Task directions: In the records below, the relevant part opens with the line containing "지난 25일 윤아의 유튜브" and closes with the line containing "Sunrise or sunset"; print that part exactly and only, without its pictures.

Given entries:
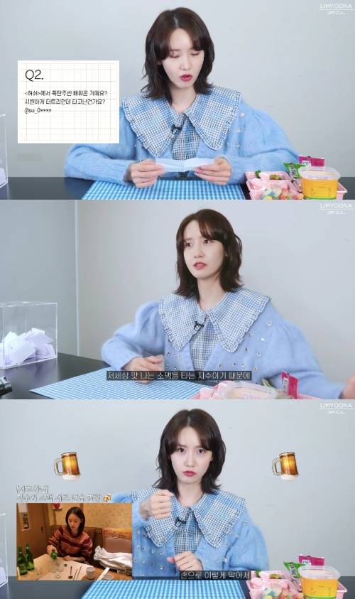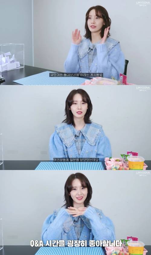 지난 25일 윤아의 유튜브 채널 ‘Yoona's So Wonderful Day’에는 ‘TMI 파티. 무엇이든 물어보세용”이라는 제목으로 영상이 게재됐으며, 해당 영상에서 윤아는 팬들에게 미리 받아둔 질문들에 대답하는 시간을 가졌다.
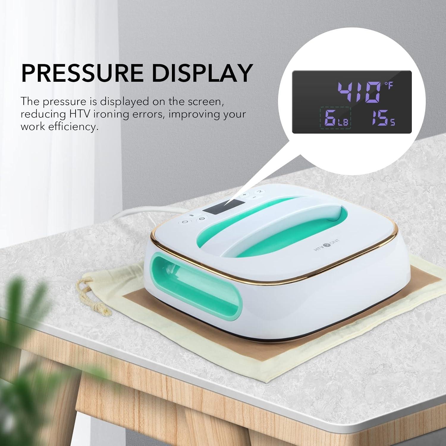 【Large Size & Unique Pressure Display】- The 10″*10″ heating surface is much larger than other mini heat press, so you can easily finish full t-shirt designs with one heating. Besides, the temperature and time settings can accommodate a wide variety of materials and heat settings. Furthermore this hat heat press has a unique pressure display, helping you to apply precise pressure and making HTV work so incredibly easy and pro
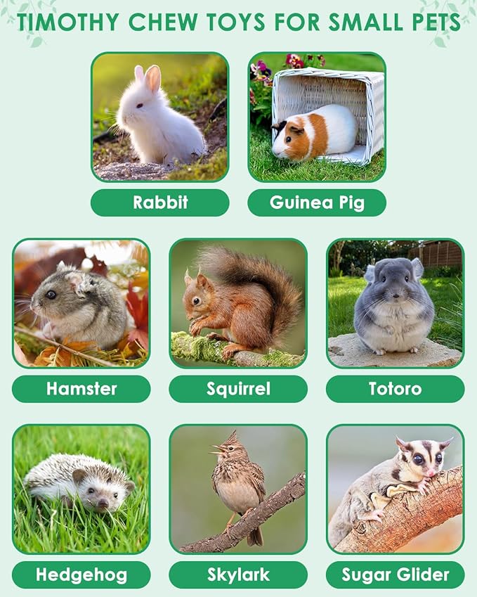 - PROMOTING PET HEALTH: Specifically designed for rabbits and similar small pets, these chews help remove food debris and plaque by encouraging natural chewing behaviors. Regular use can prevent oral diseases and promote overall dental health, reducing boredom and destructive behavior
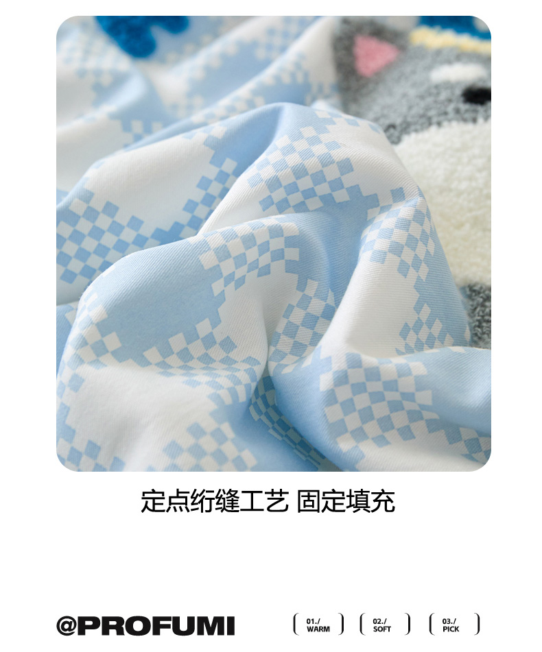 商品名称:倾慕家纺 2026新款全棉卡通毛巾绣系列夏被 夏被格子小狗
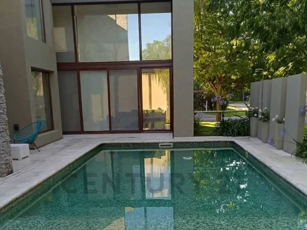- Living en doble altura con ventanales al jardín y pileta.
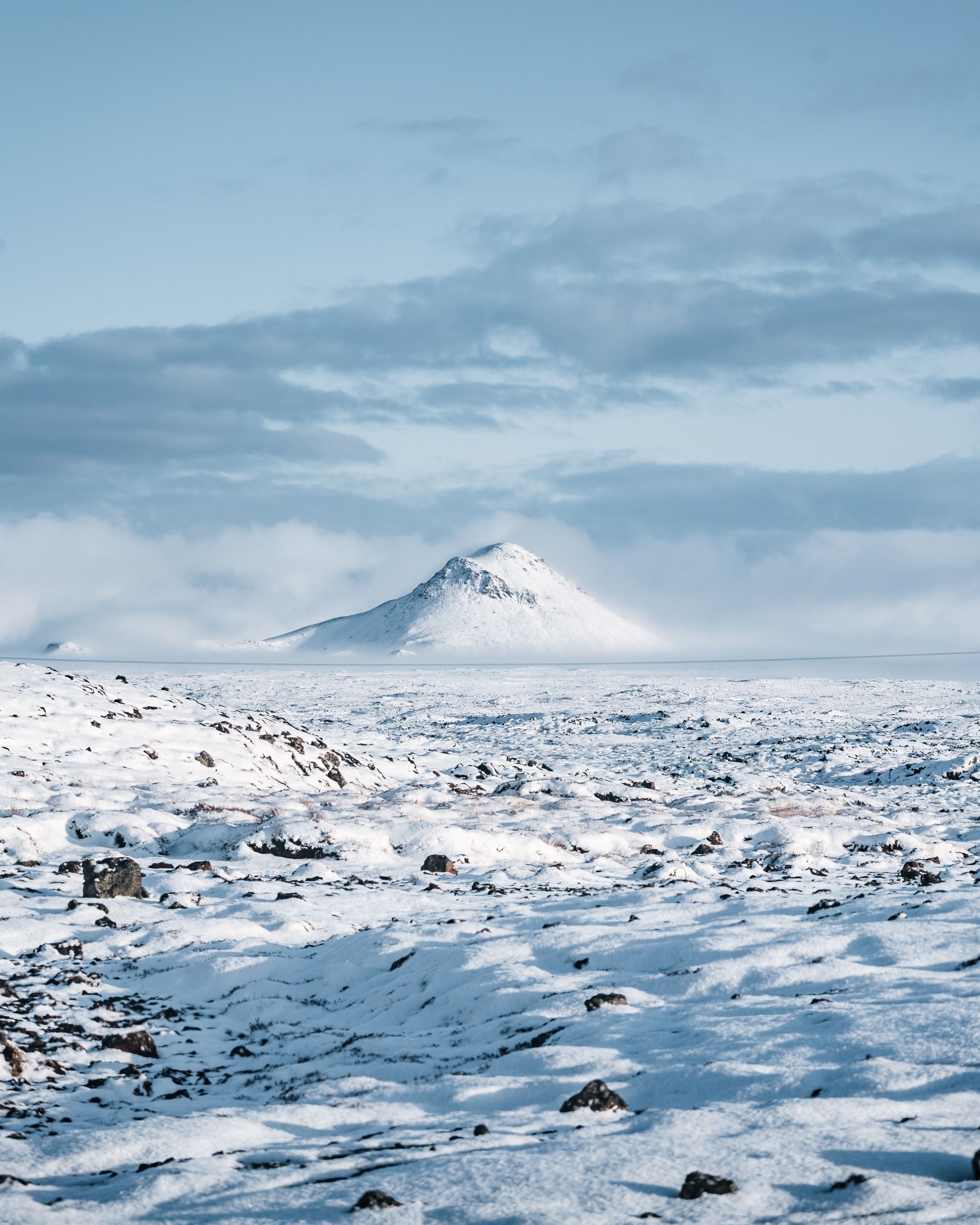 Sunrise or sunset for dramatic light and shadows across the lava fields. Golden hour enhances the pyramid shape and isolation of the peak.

==

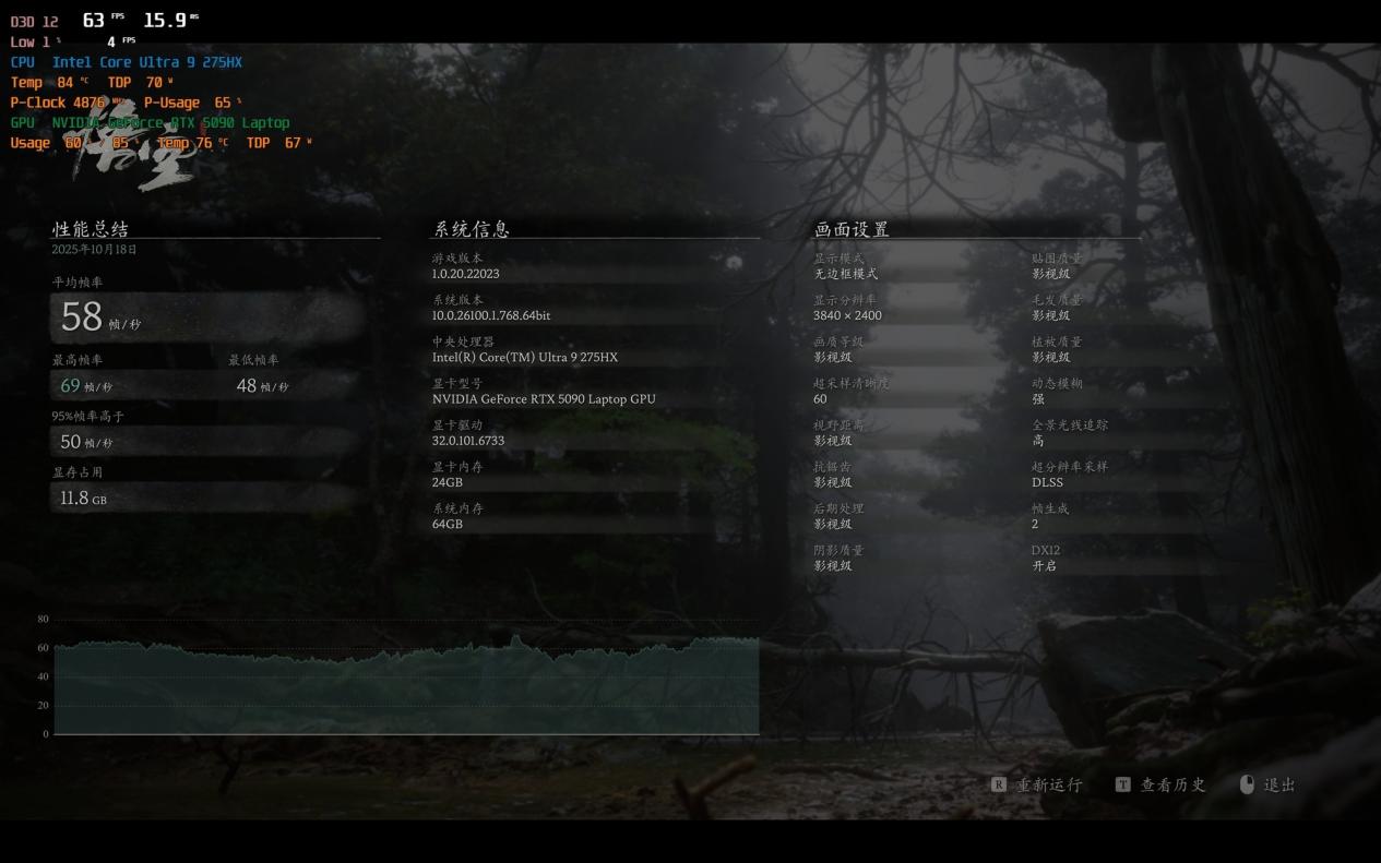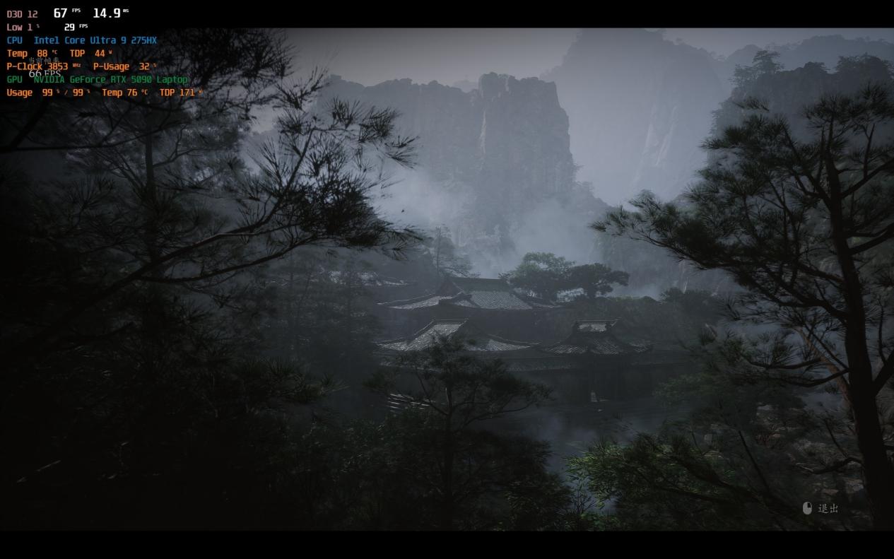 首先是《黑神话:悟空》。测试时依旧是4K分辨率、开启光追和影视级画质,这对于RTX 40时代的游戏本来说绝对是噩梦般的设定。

...

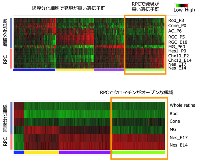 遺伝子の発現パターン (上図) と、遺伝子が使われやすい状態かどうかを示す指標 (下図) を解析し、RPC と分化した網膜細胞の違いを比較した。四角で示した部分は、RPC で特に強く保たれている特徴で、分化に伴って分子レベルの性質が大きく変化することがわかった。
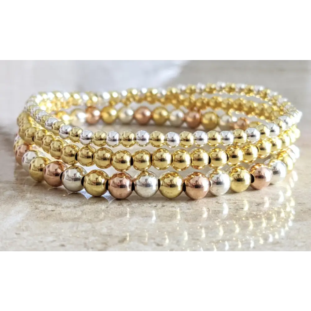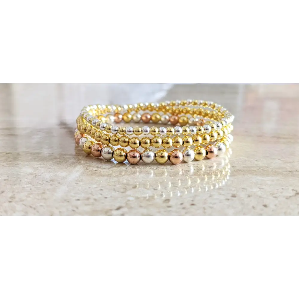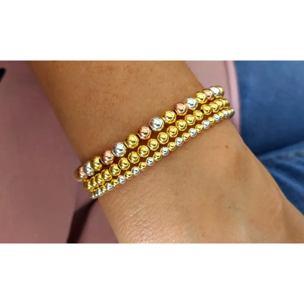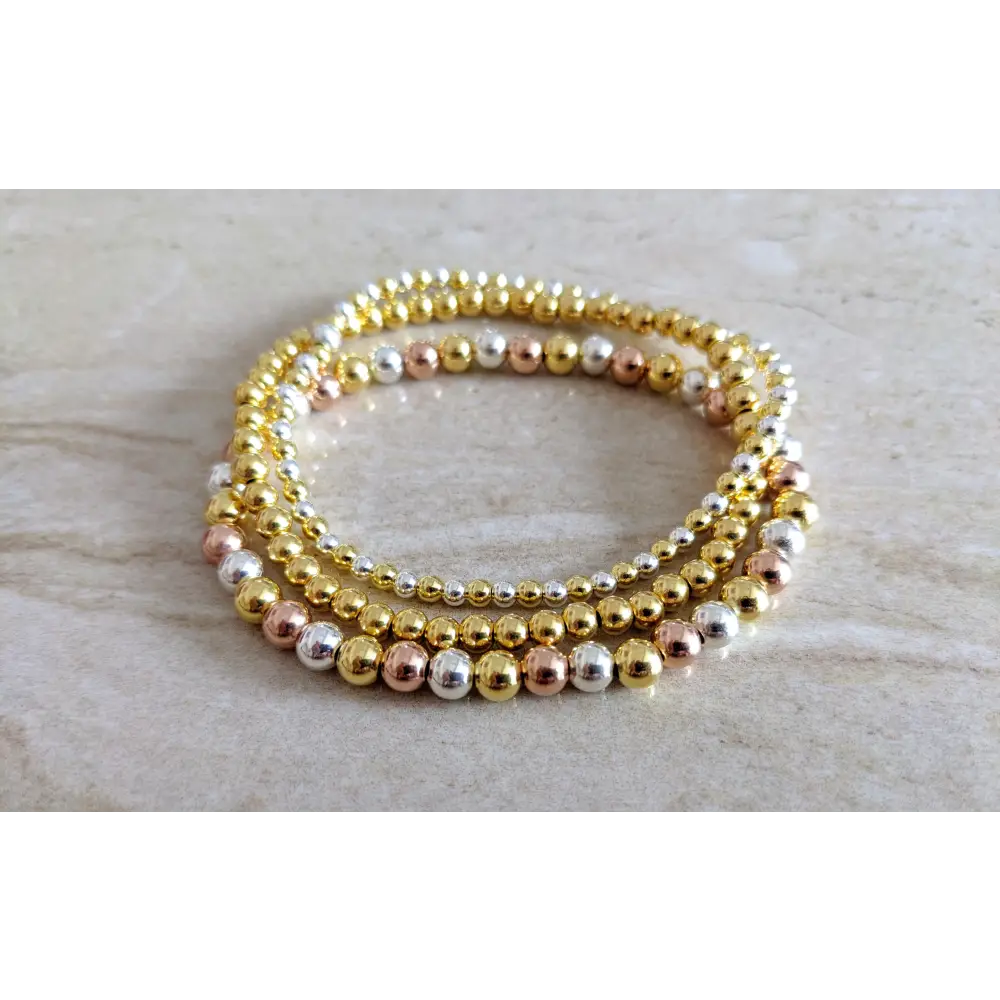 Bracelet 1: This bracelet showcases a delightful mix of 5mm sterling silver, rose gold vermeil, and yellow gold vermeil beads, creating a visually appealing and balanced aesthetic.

Reply to the task:
 지난 25일 윤아의 유튜브 채널 ‘Yoona's So Wonderful Day’에는 ‘TMI 파티. 무엇이든 물어보세용”이라는 제목으로 영상이 게재됐으며, 해당 영상에서 윤아는 팬들에게 미리 받아둔 질문들에 대답하는 시간을 가졌다.
 【Large Size & Unique Pressure Display】- The 10″*10″ heating surface is much larger than other mini heat press, so you can easily finish full t-shirt designs with one heating. Besides, the temperature and time settings can accommodate a wide variety of materials and heat settings. Furthermore this hat heat press has a unique pressure display, helping you to apply precise pressure and making HTV work so incredibly easy and pro
 - PROMOTING PET HEALTH: Specifically designed for rabbits and similar small pets, these chews help remove food debris and plaque by encouraging natural chewing behaviors. Regular use can prevent oral diseases and promote overall dental health, reducing boredom and destructive behavior
 商品名称:倾慕家纺 2026新款全棉卡通毛巾绣系列夏被 夏被格子小狗
- Living en doble altura con ventanales al jardín y pileta.
 Sunrise or sunset for dramatic light and shadows across the lava fields. Golden hour enhances the pyramid shape and isolation of the peak.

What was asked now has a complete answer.